* [Requirement] What's wanted is each entry repeated verbatim, minus its images.

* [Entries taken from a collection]
◇ ◇ ◇ ◇ ◇ ◇ ◇

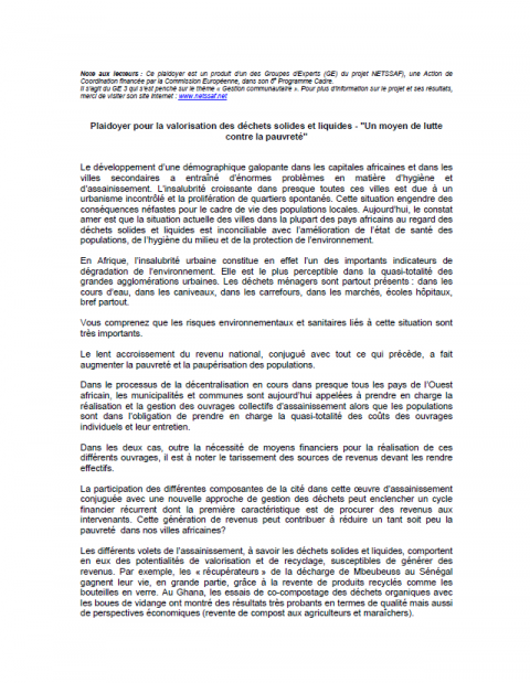Netssaf (2008) Plaidoyer pour la valorisation des déchets solides et liquides (in French) Advocacy for solid and liquid wastes recovery
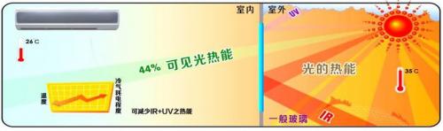 國(guó)安奇緯自主研發(fā)十余年的核心材料——節(jié)能型調(diào)光膜,已取得多國(guó)知識(shí)產(chǎn)權(quán)。能有效隔離UV與IR,達(dá)到透光不透熱的效果。當(dāng)光透過(guò)玻璃帷幕射入室內(nèi),產(chǎn)生大量熱能。如要調(diào)低冷氣溫度,每降低1℃,則需增加消耗電能6%。因此,戶外溫度過(guò)高,使用節(jié)能型調(diào)光膜調(diào)整在霧狀情況下,可確保室內(nèi)相對(duì)涼爽。節(jié)能型調(diào)光膜黏貼在您的玻璃上,隔熱效果良好。相關(guān)示意圖如下:
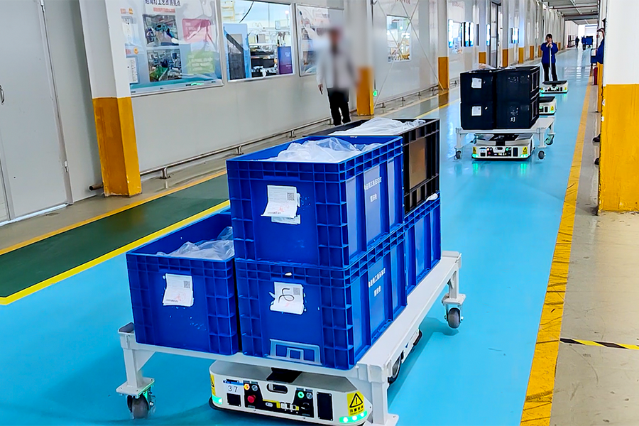 工作方式:AGV接收到系统指令后,AGV潜伏到料架底部,将料架举升起来,进行物料运送;也可由多台AGV组成流动生产生产线,实现柔性生产,目前已广泛应用于汽车及零部件行业、光伏行业、3C及半导体等行业。
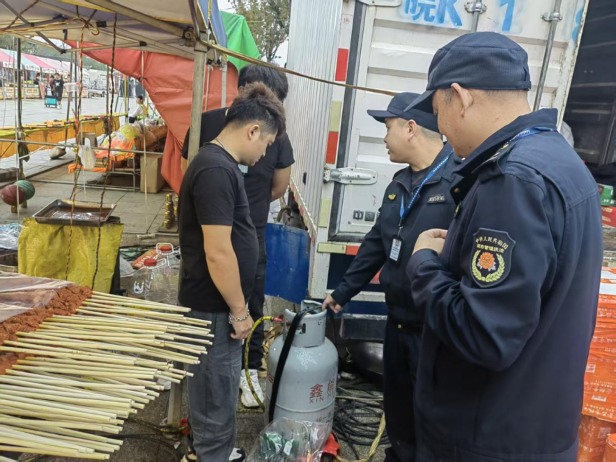 安全檢查筑牢經(jīng)營(yíng)“防火墻”。餐飲區(qū)是大集的“人氣旺地”,也是安全保障的“關(guān)鍵區(qū)”。執(zhí)法人員深入集市餐飲檔位,重點(diǎn)檢查瓶裝燃?xì)馐褂冒踩瑢?duì)燃?xì)膺B接軟管是否老化、瓶體是否在有效期內(nèi)、減壓閥是否合規(guī)等隱患進(jìn)行逐一排查,對(duì)發(fā)現(xiàn)的問(wèn)題當(dāng)場(chǎng)下達(dá)整改提示,督促經(jīng)營(yíng)戶立行立改,從源頭杜絕燃?xì)獍踩鹿?,讓游客“吃得放心”,讓商戶“?jīng)營(yíng)安心”。
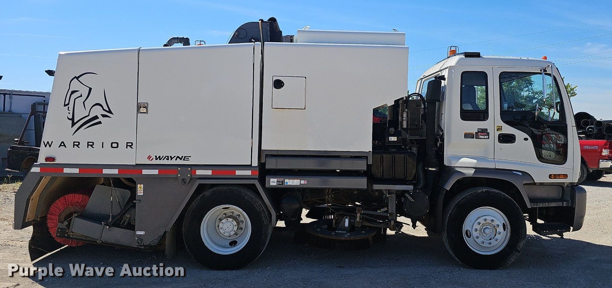 2004 GMC T7500 street sweeper truck. Miles: 35,479 on odometer, VIN: 1GDM7F1354F506155. Engine Cylinders: 6, Fuel type: Diesel. Transmission Automatic. Chassis Suspension: Spring, Brakes: Air, GVWR: 33,000 lbs. Operators station AC, Heat, Dual operating station. Features Broom Width: 66", Water spray system, Sweeper bed Sweeper bed type: Conveyor Wayne Warrior, Serial: 11003, Left gutter broom, Right gutter broom. Tires Size: 11R22.5. Notes When battery dies, sweeper box has to be reprogrammed. Arkansas title. Title distribution may be delayed up to 14 days from verification of funds. Bentonville, AR 72712
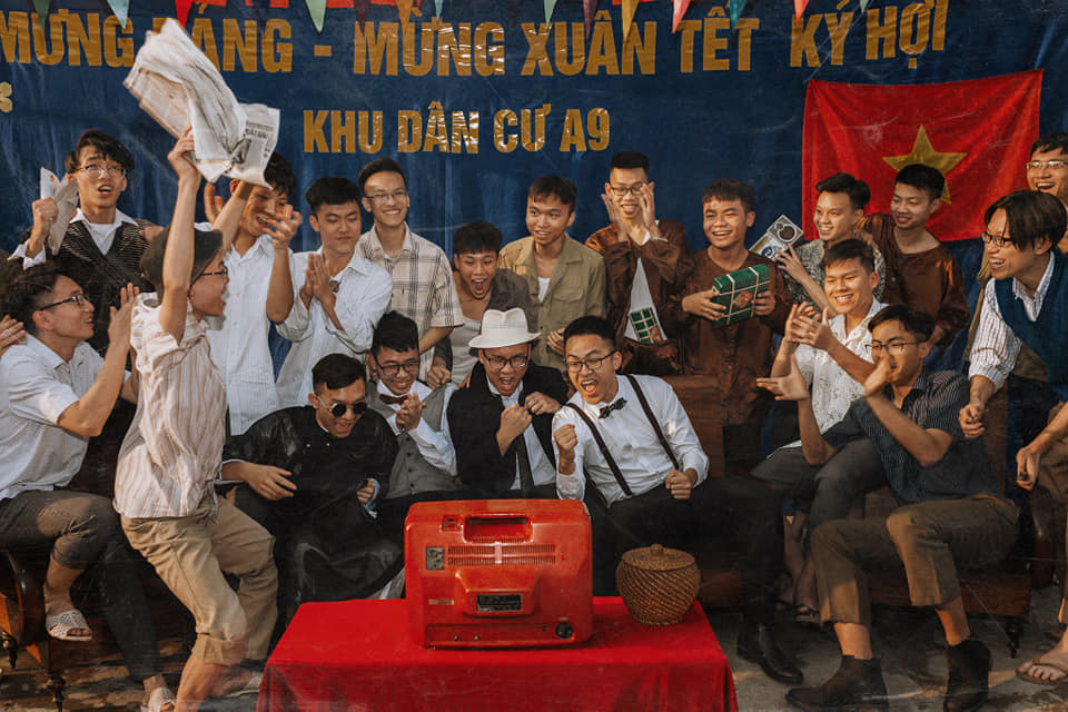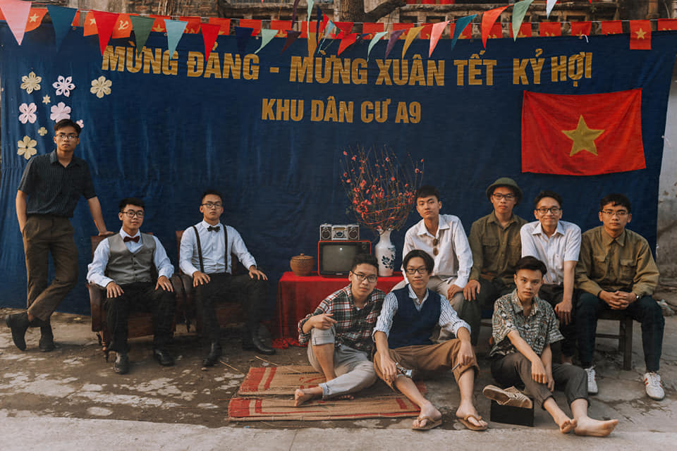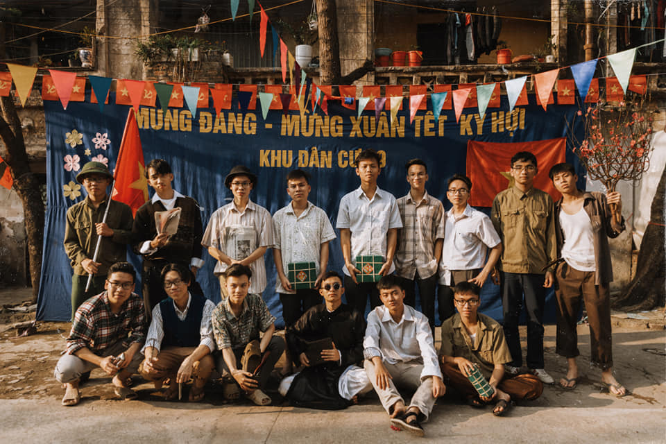 Có thể thấy, bối cảnh được thực hiện ở một khu dân cư đã cũ kèm nhiều đạo cụ mang đậm phong cách ngày xưa như lá cờ, băng rôn khẩu hiệu, bánh chưng, cành đào, hái hoa dân chủ… Điều đặc biệt hơn, trang phục thời ông bà được tận dụng làm bộ ảnh trở nên sống động và đẹp một cách lạ kỳ.

◇ ◇ ◇ ◇ ◇ ◇ ◇

* [Exercise output]
Netssaf (2008) Plaidoyer pour la valorisation des déchets solides et liquides (in French) Advocacy for solid and liquid wastes recovery
 國(guó)安奇緯自主研發(fā)十余年的核心材料——節(jié)能型調(diào)光膜,已取得多國(guó)知識(shí)產(chǎn)權(quán)。能有效隔離UV與IR,達(dá)到透光不透熱的效果。當(dāng)光透過(guò)玻璃帷幕射入室內(nèi),產(chǎn)生大量熱能。如要調(diào)低冷氣溫度,每降低1℃,則需增加消耗電能6%。因此,戶外溫度過(guò)高,使用節(jié)能型調(diào)光膜調(diào)整在霧狀情況下,可確保室內(nèi)相對(duì)涼爽。節(jié)能型調(diào)光膜黏貼在您的玻璃上,隔熱效果良好。相關(guān)示意圖如下:
 工作方式:AGV接收到系统指令后,AGV潜伏到料架底部,将料架举升起来,进行物料运送;也可由多台AGV组成流动生产生产线,实现柔性生产,目前已广泛应用于汽车及零部件行业、光伏行业、3C及半导体等行业。
 安全檢查筑牢經(jīng)營(yíng)“防火墻”。餐飲區(qū)是大集的“人氣旺地”,也是安全保障的“關(guān)鍵區(qū)”。執(zhí)法人員深入集市餐飲檔位,重點(diǎn)檢查瓶裝燃?xì)馐褂冒踩瑢?duì)燃?xì)膺B接軟管是否老化、瓶體是否在有效期內(nèi)、減壓閥是否合規(guī)等隱患進(jìn)行逐一排查,對(duì)發(fā)現(xiàn)的問(wèn)題當(dāng)場(chǎng)下達(dá)整改提示,督促經(jīng)營(yíng)戶立行立改,從源頭杜絕燃?xì)獍踩鹿?,讓游客“吃得放心”,讓商戶“?jīng)營(yíng)安心”。
 2004 GMC T7500 street sweeper truck. Miles: 35,479 on odometer, VIN: 1GDM7F1354F506155. Engine Cylinders: 6, Fuel type: Diesel. Transmission Automatic. Chassis Suspension: Spring, Brakes: Air, GVWR: 33,000 lbs. Operators station AC, Heat, Dual operating station. Features Broom Width: 66", Water spray system, Sweeper bed Sweeper bed type: Conveyor Wayne Warrior, Serial: 11003, Left gutter broom, Right gutter broom. Tires Size: 11R22.5. Notes When battery dies, sweeper box has to be reprogrammed. Arkansas title. Title distribution may be delayed up to 14 days from verification of funds. Bentonville, AR 72712
 Có thể thấy, bối cảnh được thực hiện ở một khu dân cư đã cũ kèm nhiều đạo cụ mang đậm phong cách ngày xưa như lá cờ, băng rôn khẩu hiệu, bánh chưng, cành đào, hái hoa dân chủ… Điều đặc biệt hơn, trang phục thời ông bà được tận dụng làm bộ ảnh trở nên sống động và đẹp một cách lạ kỳ.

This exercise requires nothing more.